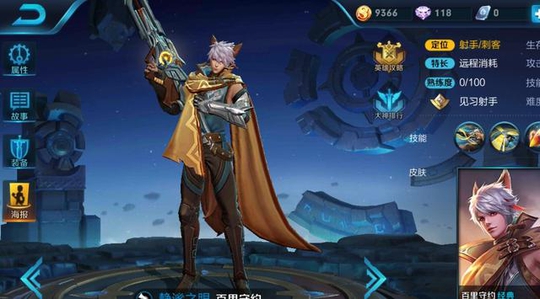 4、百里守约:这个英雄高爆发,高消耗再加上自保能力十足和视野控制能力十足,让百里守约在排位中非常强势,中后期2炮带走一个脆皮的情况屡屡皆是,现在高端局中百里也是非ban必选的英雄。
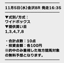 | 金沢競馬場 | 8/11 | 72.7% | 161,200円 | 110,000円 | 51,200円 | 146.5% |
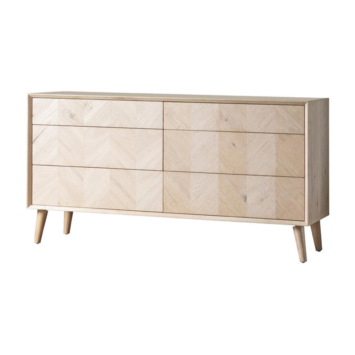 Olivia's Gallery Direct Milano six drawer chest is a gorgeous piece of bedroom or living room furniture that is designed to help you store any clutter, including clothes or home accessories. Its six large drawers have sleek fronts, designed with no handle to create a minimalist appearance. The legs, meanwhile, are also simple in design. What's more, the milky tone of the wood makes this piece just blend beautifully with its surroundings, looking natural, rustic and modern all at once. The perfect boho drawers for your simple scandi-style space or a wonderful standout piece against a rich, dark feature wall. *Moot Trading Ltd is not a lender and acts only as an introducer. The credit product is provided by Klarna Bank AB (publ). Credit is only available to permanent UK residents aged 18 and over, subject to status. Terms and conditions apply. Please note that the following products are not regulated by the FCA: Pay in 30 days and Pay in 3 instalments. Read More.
--
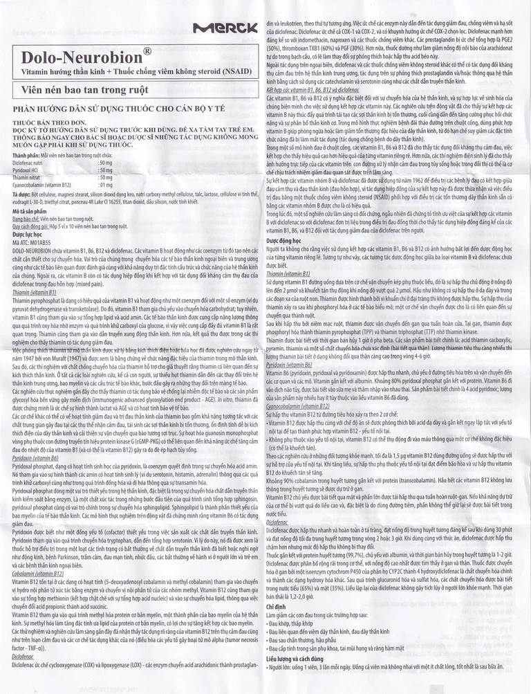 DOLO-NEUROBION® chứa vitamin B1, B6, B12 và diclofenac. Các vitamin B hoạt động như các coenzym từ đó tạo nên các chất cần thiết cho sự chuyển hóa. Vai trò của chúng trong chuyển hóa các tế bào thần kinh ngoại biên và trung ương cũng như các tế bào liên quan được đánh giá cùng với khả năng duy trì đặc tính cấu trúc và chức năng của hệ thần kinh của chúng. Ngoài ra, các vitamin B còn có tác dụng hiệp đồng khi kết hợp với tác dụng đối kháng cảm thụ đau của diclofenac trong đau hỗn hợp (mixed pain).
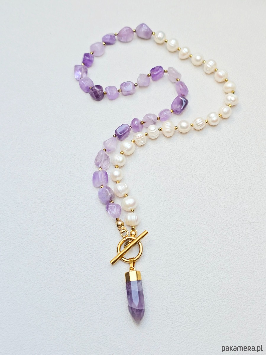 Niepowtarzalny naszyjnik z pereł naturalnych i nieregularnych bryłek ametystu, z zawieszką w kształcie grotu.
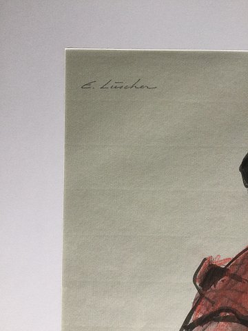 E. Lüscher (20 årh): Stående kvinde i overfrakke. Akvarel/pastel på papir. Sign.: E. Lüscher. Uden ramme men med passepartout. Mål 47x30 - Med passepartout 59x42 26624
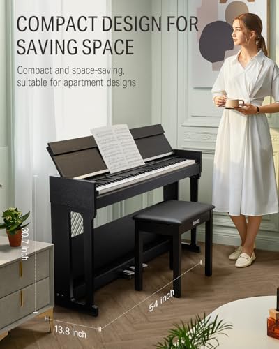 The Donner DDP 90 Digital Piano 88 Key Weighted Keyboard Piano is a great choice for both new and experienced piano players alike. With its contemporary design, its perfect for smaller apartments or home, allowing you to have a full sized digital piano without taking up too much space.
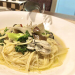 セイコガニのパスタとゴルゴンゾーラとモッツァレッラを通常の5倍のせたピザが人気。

> WHAT IS NEEDED
In the entries above, find the line that contains "E. Lüscher (20" and the line that contains "セイコガニのパスタとゴルゴン". Reproduce exactly those two lines and every line between them, but not the pictures.

> ANSWER TO THIS TASK
 E. Lüscher (20 årh): Stående kvinde i overfrakke. Akvarel/pastel på papir. Sign.: E. Lüscher. Uden ramme men med passepartout. Mål 47x30 - Med passepartout 59x42 26624
 The Donner DDP 90 Digital Piano 88 Key Weighted Keyboard Piano is a great choice for both new and experienced piano players alike. With its contemporary design, its perfect for smaller apartments or home, allowing you to have a full sized digital piano without taking up too much space.
 セイコガニのパスタとゴルゴンゾーラとモッツァレッラを通常の5倍のせたピザが人気。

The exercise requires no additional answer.